┌────────

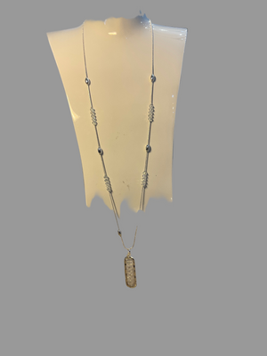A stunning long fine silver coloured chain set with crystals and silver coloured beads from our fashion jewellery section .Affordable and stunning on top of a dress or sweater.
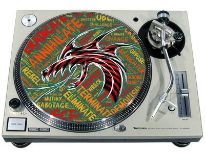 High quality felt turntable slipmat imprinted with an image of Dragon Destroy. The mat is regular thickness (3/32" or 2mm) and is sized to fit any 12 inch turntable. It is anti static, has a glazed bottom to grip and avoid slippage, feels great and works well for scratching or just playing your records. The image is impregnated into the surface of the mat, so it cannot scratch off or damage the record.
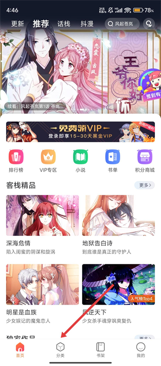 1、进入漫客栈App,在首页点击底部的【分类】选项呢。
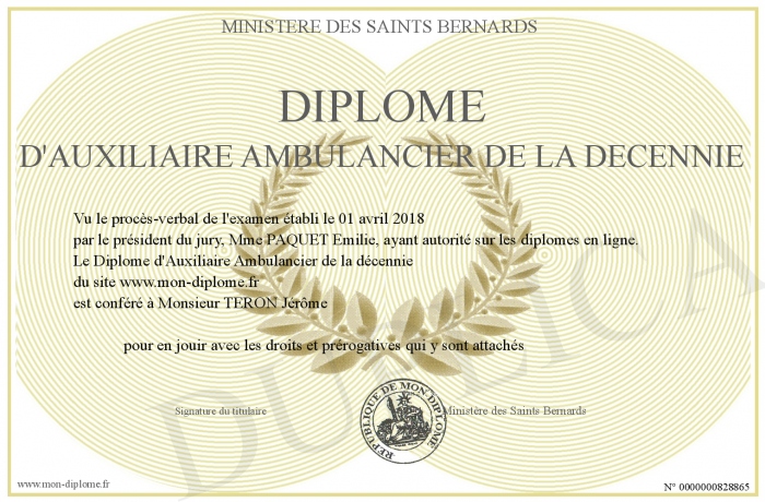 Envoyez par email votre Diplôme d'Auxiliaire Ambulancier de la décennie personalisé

└────────

[INSTRUCTIONS TO FOLLOW]: Any picture in the data is to be skipped, while each line is returned exactly as written.

[WRITTEN REPLY]:
A stunning long fine silver coloured chain set with crystals and silver coloured beads from our fashion jewellery section .Affordable and stunning on top of a dress or sweater.
 High quality felt turntable slipmat imprinted with an image of Dragon Destroy. The mat is regular thickness (3/32" or 2mm) and is sized to fit any 12 inch turntable. It is anti static, has a glazed bottom to grip and avoid slippage, feels great and works well for scratching or just playing your records. The image is impregnated into the surface of the mat, so it cannot scratch off or damage the record.
 1、进入漫客栈App,在首页点击底部的【分类】选项呢。
 Envoyez par email votre Diplôme d'Auxiliaire Ambulancier de la décennie personalisé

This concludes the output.